* **STUDY MATERIAL**
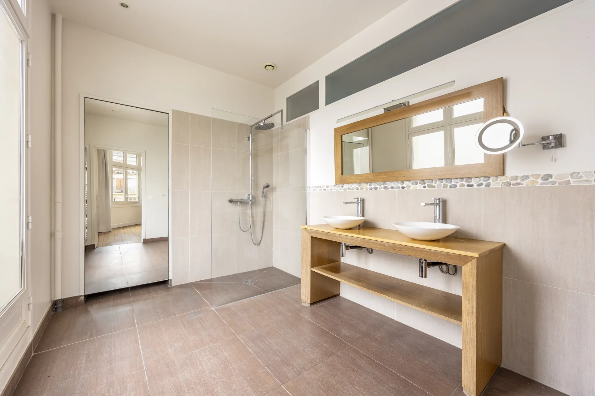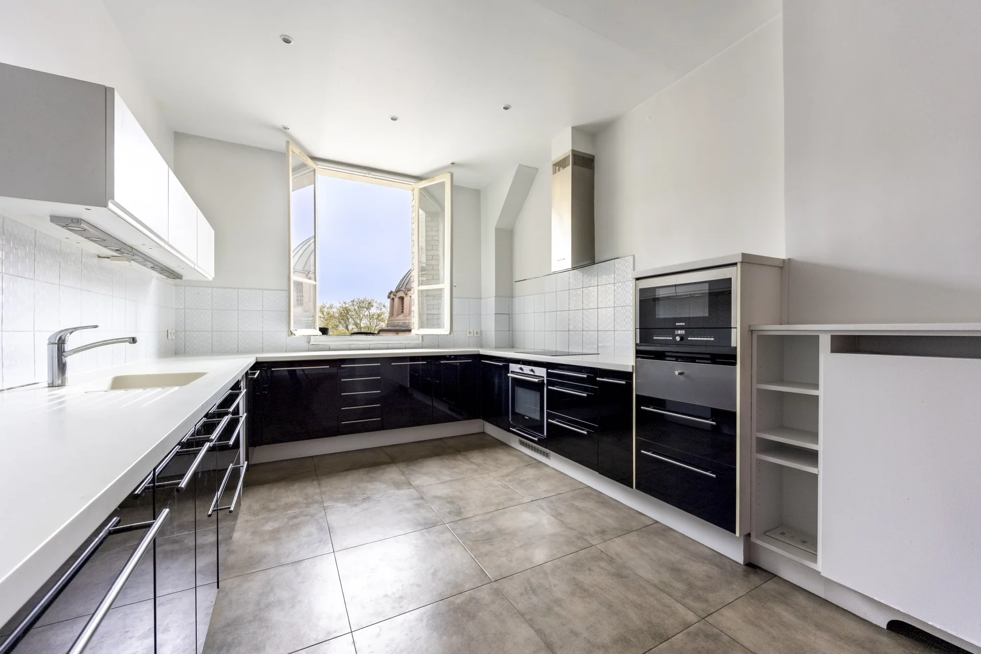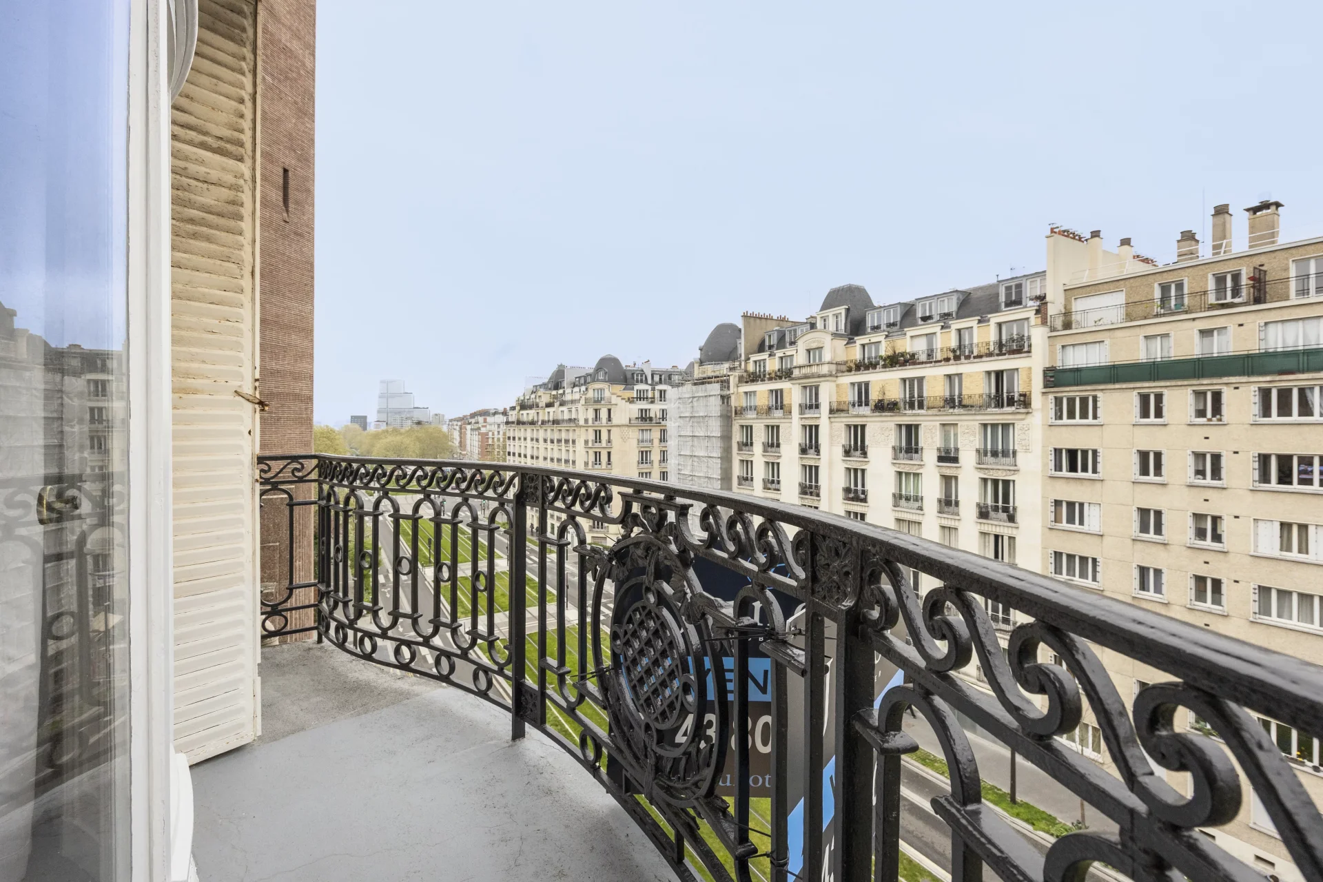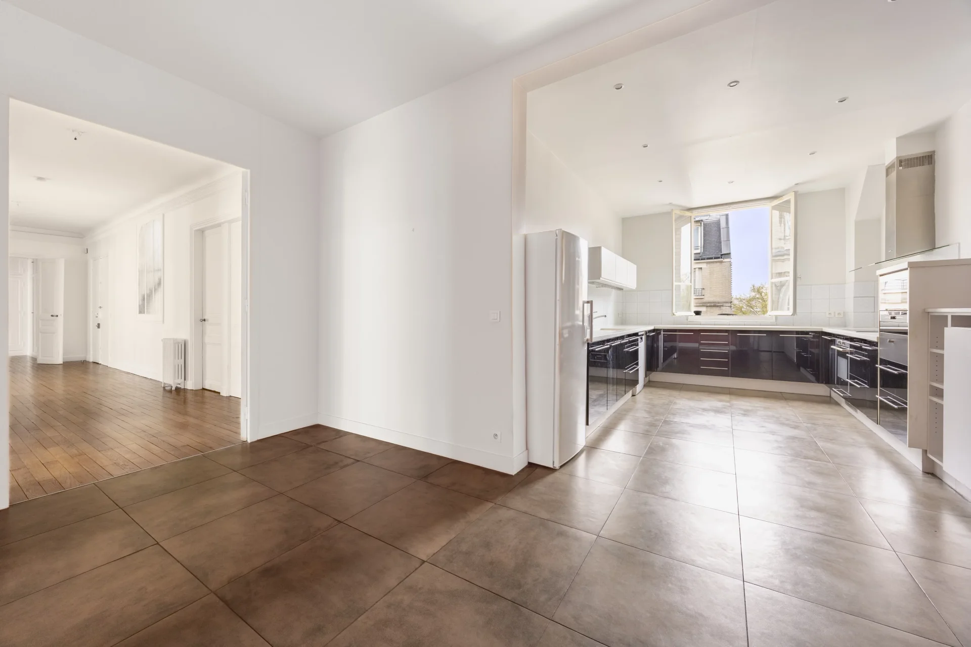 On the fifth floor by elevator of an Art Deco-style freestone building, this light-filled 247.72sqm loi Carrez corner apartment benefits from triple exposure and unobstructed views.
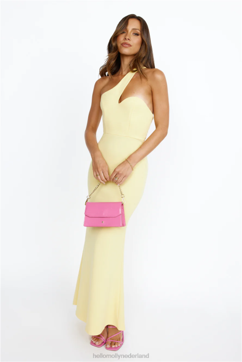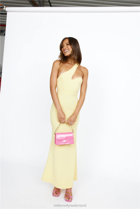 voor alle exclusieve meiden. De dance to it maxi-jurk heeft baleinen op het lijfje en een ontwerp met één schouder. stijl met hakken en krullen voor alle aandacht.
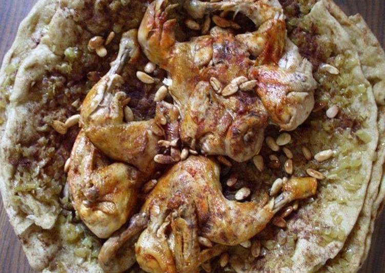 اضيفي البصل فوق خبز الطابون. حمّريه من ألأعلى حتى يصبح ذهبي اللون. أضيفي الصنوبر المقلي ثم أعيدي الكرّه بوضع طبقه من الخبز المبلل بمرق الدجاج ثم يتم اضافة البصل حتى تنتهي كمية البصل. لا تنسي تزيين الطبقات بالصنوبر.
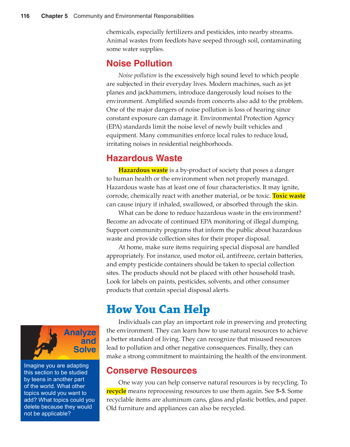 recycle means reprocessing resources to use them again. See 5-5. Some
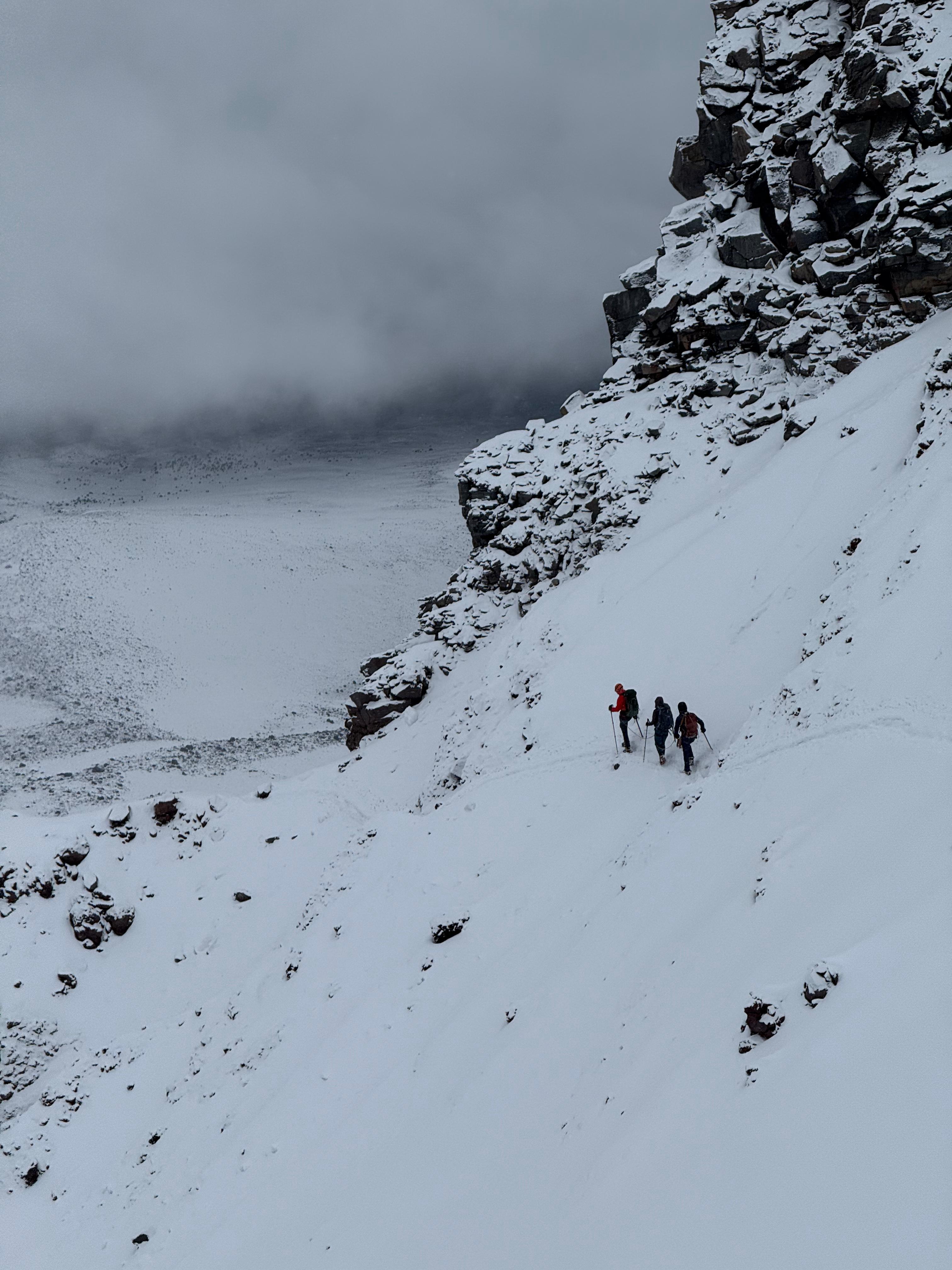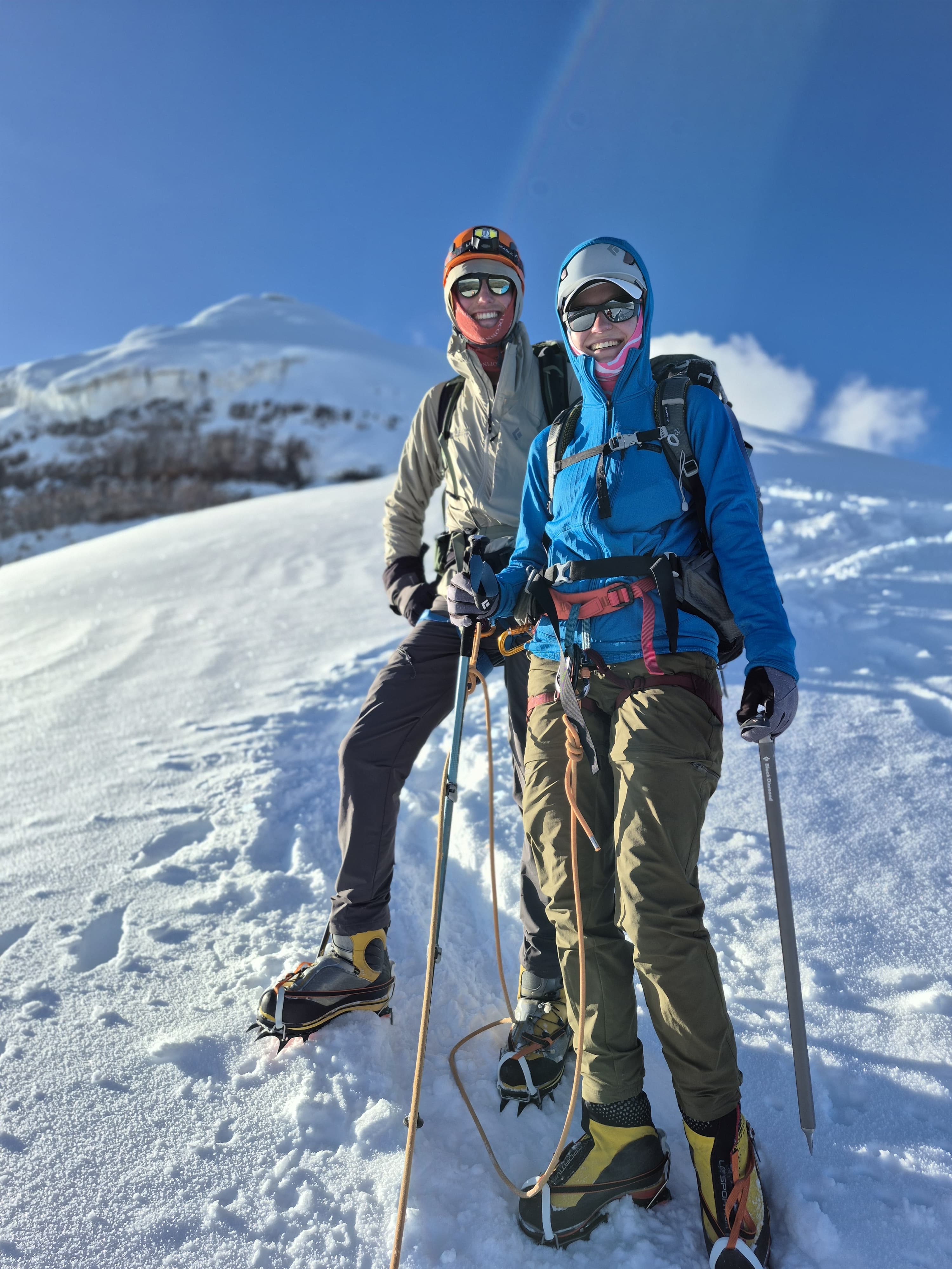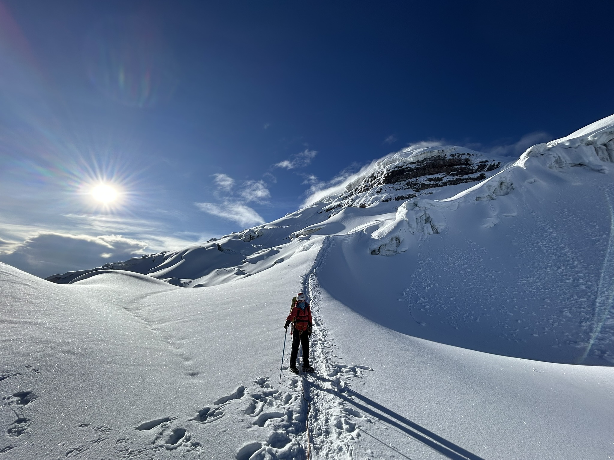 The “walk” was actually quite fun: a bit of a traverse, then a “rock step”, followed by some fairly steep snow up the ridge. We went about halfway up, 1500 vertical feet, though the guides assured us it was only ⅓ the total time, as the remaining climb to the top was quite challenging and would have taken “at least four more hours”.
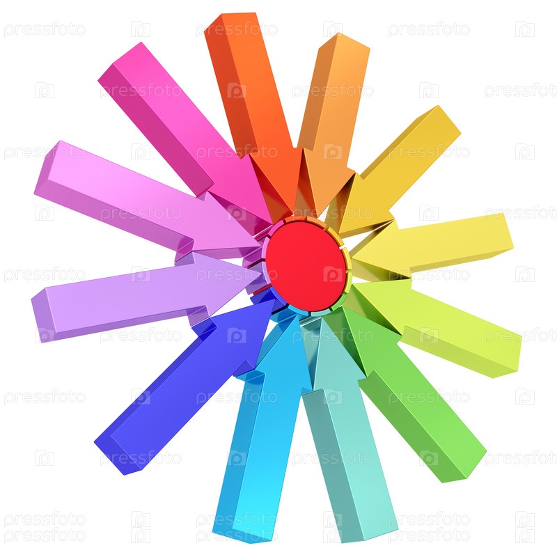 Красочные стрелки, направленные к красному центру на белом. 3D изображение высокого разрешения
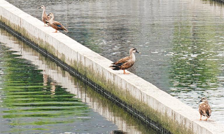良好的廠區(qū)環(huán)境吸引了周邊的野鴨來此“定居”
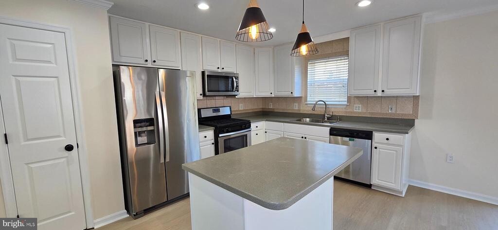 Rarely do opportunities like this come along – a remarkable end-of-group townhome with a coveted 2-car garage, nestled in the desirable Lyons Gate community in Owings Mills. This stunning townhome exudes brightness and space, featuring three fully finished levels adorned with recessed lighting and elegant crown molding throughout. The main level sets the stage for both comfortable living and entertaining, seamlessly flowing from the inviting living room to the well-lit eat-in kitchen. The kitchen boasts an abundance of cabinets, an island perfect for quick bites, a pantry for all your culinary essentials, and modern gas cooking, all opening up to the dining area. For added convenience, there's a thoughtfully placed powder room on this level. Ascending to the upper floor, you'll find the luxurious Primary suite, a true haven for relaxation. It showcases a vaulted ceiling, a spacious walk-in closet, and an ensuite bath with a double vanity, a rejuvenating jetted tub, and a glass-enclosed shower. Additionally, there are two more generously sized bedrooms, each equipped with ceiling fans, a well-appointed full bathroom, and a practical hallway laundry area complete with shelving. The lower level offers versatility with its expansive family room, adorned with new luxury vinyl plank flooring. This space is perfect for creating a recreation or media room and even has a rough-in for an additional bathroom. Beyond, you'll discover a walk-out to the covered back patio and yard, ideal for outdoor enjoyment. For those who appreciate outdoor living, the freshly painted deck off the dining room is a delightful spot to watch the sunset and host summer BBQs. Situated on a quiet cul-de-sac within a pedestrian-friendly community, this home is conveniently located near parks, shops, dining options, and a short drive to the Metro, 795, and 695. Don't hesitate – schedule your tour today to make this exceptional townhome yours!
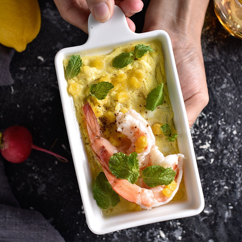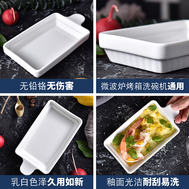 Single Handle Ceramic Baking Tray Cheese Baked Rice Rectangular Plate Tableware Style Shallow Baking French Dessert Plate Can Be Made
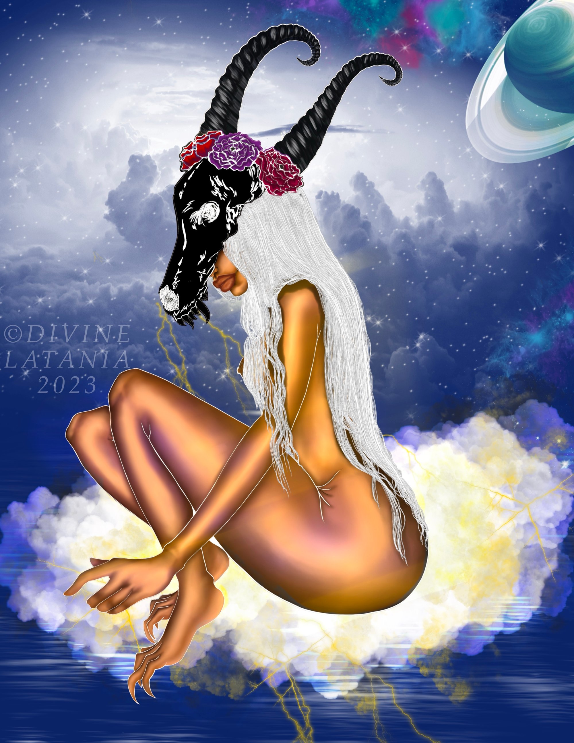 Inspired by and unknown artist who paints skulls, Capricornus is sometimes identified as Enki the God of creation, intelligence, crafts, fertility, semen, magic, mischief.
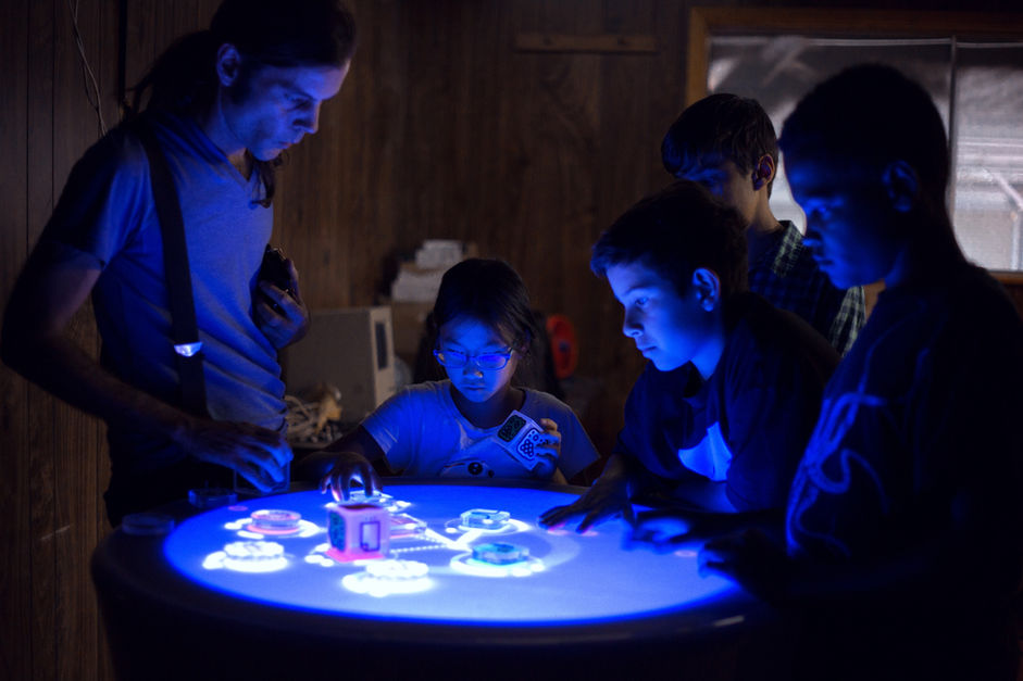 Its multi-user capability allows several players to use the installation simultaneously and promotes collaborative compositions. A visual display of the tabletop is projected onto the white wall next to the exhibit so other visitors of the museum are able to watch the action from a distance. Reactable is accessible to all ages.
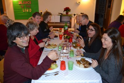BFA had such a nice Christmas banquet this December. Around fifty arrived to a time of appetizers, and were soon into the hall where the McIntyre Catering did an excellent job providing all with an excellent turkey dinner. The tables were decorated with festive red, and soon thanks had been offered and we were eating and fellowship. The evening also consisted of special music by Hannah and Becky, carol singing led by Vickie, and a warming Christmas devotional by Marc. The evening seemed to end far too soon, and we know that this could not have been the success it was without the Social committee's hard work behind the scenes. Thanks as well to Joe for his fine job of MC'ing and coordinating the fine details. We are already looking forward to next year!
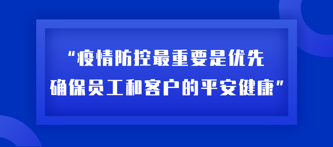 張總多次對工作小組強調(diào):“疫情防控最重要是優(yōu)先確保員工和客戶的平安健康”。陳主任表示,基層一線是對外服務(wù)的窗口,是防控工作重中之重,集團全體同仁多一分擔(dān)當(dāng),員工的安全就多一分保障,我們的客戶和家人就多一分安康。

* **EXERCISE**
The task requires the full listing to be given again verbatim, without its pictures.

* **SOLUTION**
 On the fifth floor by elevator of an Art Deco-style freestone building, this light-filled 247.72sqm loi Carrez corner apartment benefits from triple exposure and unobstructed views.
 voor alle exclusieve meiden. De dance to it maxi-jurk heeft baleinen op het lijfje en een ontwerp met één schouder. stijl met hakken en krullen voor alle aandacht.
 اضيفي البصل فوق خبز الطابون. حمّريه من ألأعلى حتى يصبح ذهبي اللون. أضيفي الصنوبر المقلي ثم أعيدي الكرّه بوضع طبقه من الخبز المبلل بمرق الدجاج ثم يتم اضافة البصل حتى تنتهي كمية البصل. لا تنسي تزيين الطبقات بالصنوبر.
 recycle means reprocessing resources to use them again. See 5-5. Some
 The “walk” was actually quite fun: a bit of a traverse, then a “rock step”, followed by some fairly steep snow up the ridge. We went about halfway up, 1500 vertical feet, though the guides assured us it was only ⅓ the total time, as the remaining climb to the top was quite challenging and would have taken “at least four more hours”.
 Красочные стрелки, направленные к красному центру на белом. 3D изображение высокого разрешения
良好的廠區(qū)環(huán)境吸引了周邊的野鴨來此“定居”
 Rarely do opportunities like this come along – a remarkable end-of-group townhome with a coveted 2-car garage, nestled in the desirable Lyons Gate community in Owings Mills. This stunning townhome exudes brightness and space, featuring three fully finished levels adorned with recessed lighting and elegant crown molding throughout. The main level sets the stage for both comfortable living and entertaining, seamlessly flowing from the inviting living room to the well-lit eat-in kitchen. The kitchen boasts an abundance of cabinets, an island perfect for quick bites, a pantry for all your culinary essentials, and modern gas cooking, all opening up to the dining area. For added convenience, there's a thoughtfully placed powder room on this level. Ascending to the upper floor, you'll find the luxurious Primary suite, a true haven for relaxation. It showcases a vaulted ceiling, a spacious walk-in closet, and an ensuite bath with a double vanity, a rejuvenating jetted tub, and a glass-enclosed shower. Additionally, there are two more generously sized bedrooms, each equipped with ceiling fans, a well-appointed full bathroom, and a practical hallway laundry area complete with shelving. The lower level offers versatility with its expansive family room, adorned with new luxury vinyl plank flooring. This space is perfect for creating a recreation or media room and even has a rough-in for an additional bathroom. Beyond, you'll discover a walk-out to the covered back patio and yard, ideal for outdoor enjoyment. For those who appreciate outdoor living, the freshly painted deck off the dining room is a delightful spot to watch the sunset and host summer BBQs. Situated on a quiet cul-de-sac within a pedestrian-friendly community, this home is conveniently located near parks, shops, dining options, and a short drive to the Metro, 795, and 695. Don't hesitate – schedule your tour today to make this exceptional townhome yours!
 Single Handle Ceramic Baking Tray Cheese Baked Rice Rectangular Plate Tableware Style Shallow Baking French Dessert Plate Can Be Made
 Inspired by and unknown artist who paints skulls, Capricornus is sometimes identified as Enki the God of creation, intelligence, crafts, fertility, semen, magic, mischief.
 Its multi-user capability allows several players to use the installation simultaneously and promotes collaborative compositions. A visual display of the tabletop is projected onto the white wall next to the exhibit so other visitors of the museum are able to watch the action from a distance. Reactable is accessible to all ages.
BFA had such a nice Christmas banquet this December. Around fifty arrived to a time of appetizers, and were soon into the hall where the McIntyre Catering did an excellent job providing all with an excellent turkey dinner. The tables were decorated with festive red, and soon thanks had been offered and we were eating and fellowship. The evening also consisted of special music by Hannah and Becky, carol singing led by Vickie, and a warming Christmas devotional by Marc. The evening seemed to end far too soon, and we know that this could not have been the success it was without the Social committee's hard work behind the scenes. Thanks as well to Joe for his fine job of MC'ing and coordinating the fine details. We are already looking forward to next year!
 張總多次對工作小組強調(diào):“疫情防控最重要是優(yōu)先確保員工和客戶的平安健康”。陳主任表示,基層一線是對外服務(wù)的窗口,是防控工作重中之重,集團全體同仁多一分擔(dān)當(dāng),員工的安全就多一分保障,我們的客戶和家人就多一分安康。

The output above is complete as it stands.